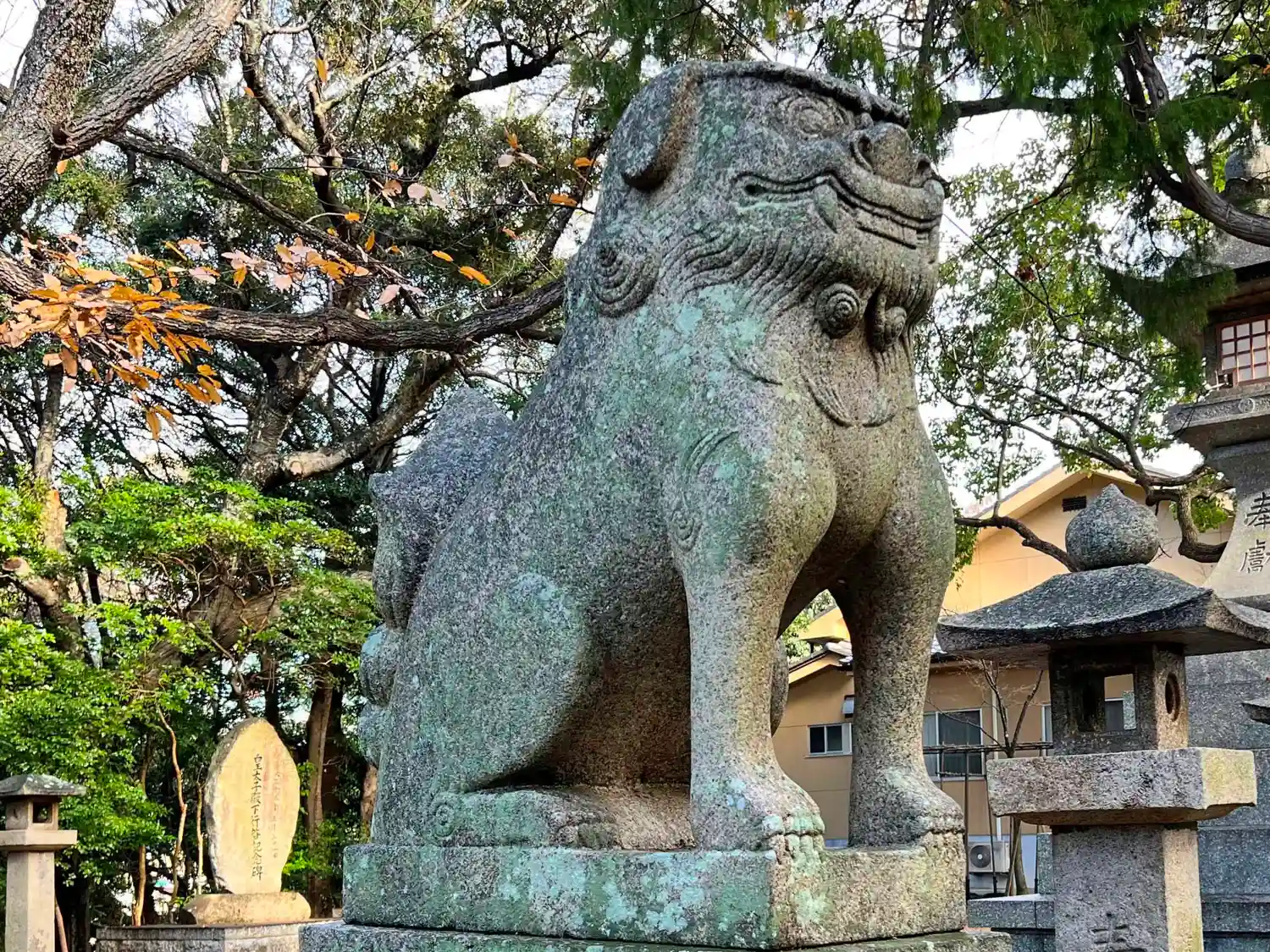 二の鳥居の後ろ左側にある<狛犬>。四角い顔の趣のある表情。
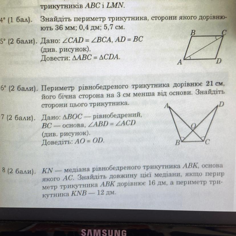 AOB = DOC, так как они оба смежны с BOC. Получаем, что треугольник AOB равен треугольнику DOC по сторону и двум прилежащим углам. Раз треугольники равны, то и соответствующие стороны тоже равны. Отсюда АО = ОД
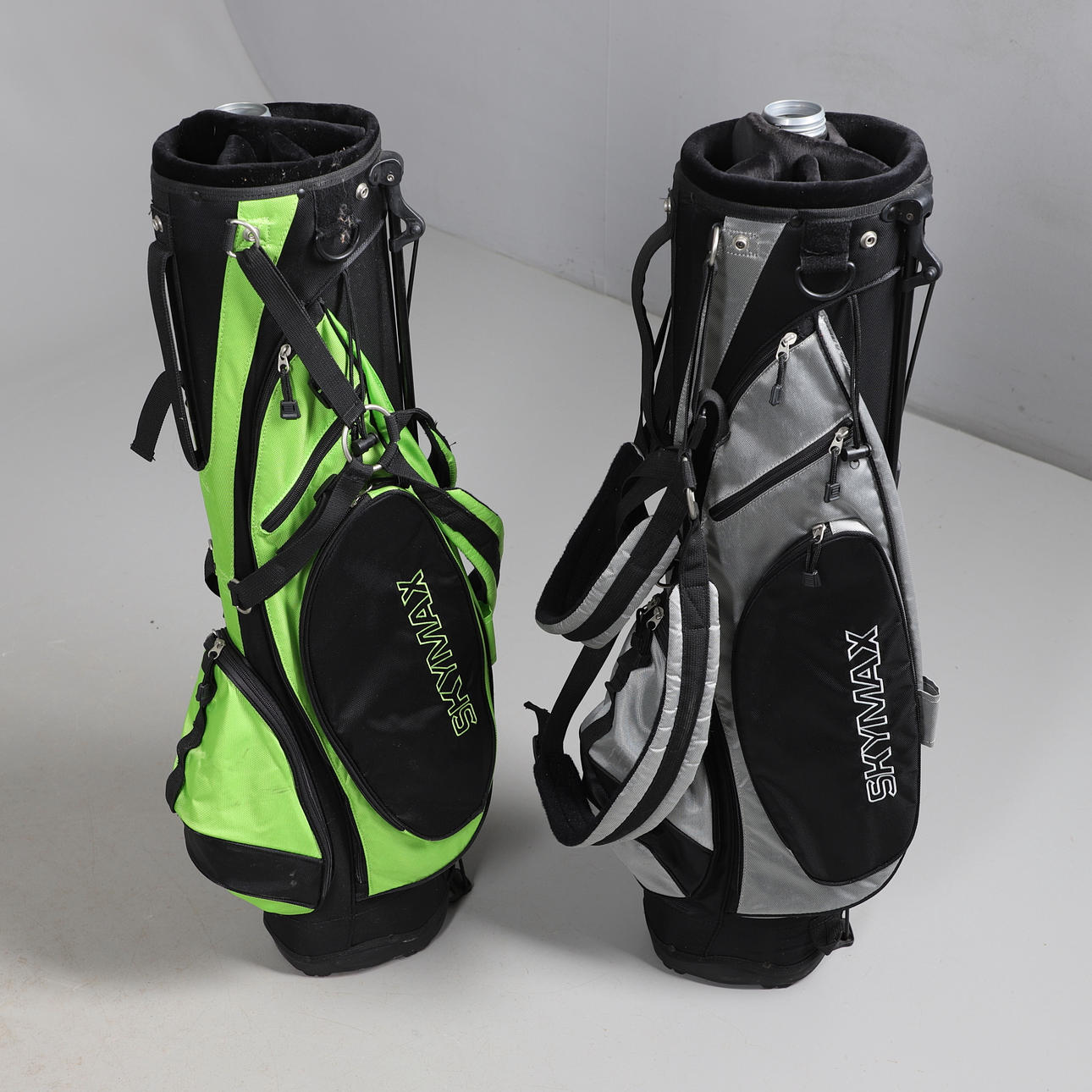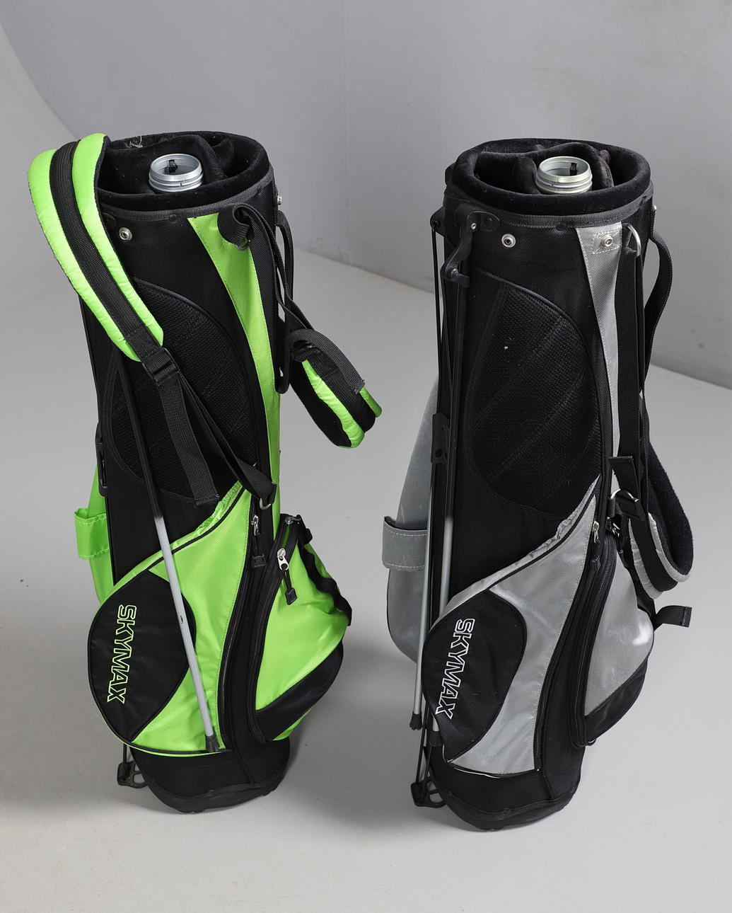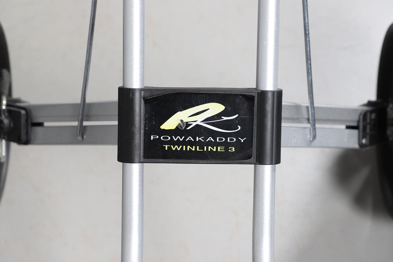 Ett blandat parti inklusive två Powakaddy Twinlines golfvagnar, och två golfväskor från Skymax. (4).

▶ **What is required**: All of the data above needs to be given again exactly. Leave out each image.

▶ **Written response**:
 二の鳥居の後ろ左側にある<狛犬>。四角い顔の趣のある表情。
 AOB = DOC, так как они оба смежны с BOC. Получаем, что треугольник AOB равен треугольнику DOC по сторону и двум прилежащим углам. Раз треугольники равны, то и соответствующие стороны тоже равны. Отсюда АО = ОД
 Ett blandat parti inklusive två Powakaddy Twinlines golfvagnar, och två golfväskor från Skymax. (4).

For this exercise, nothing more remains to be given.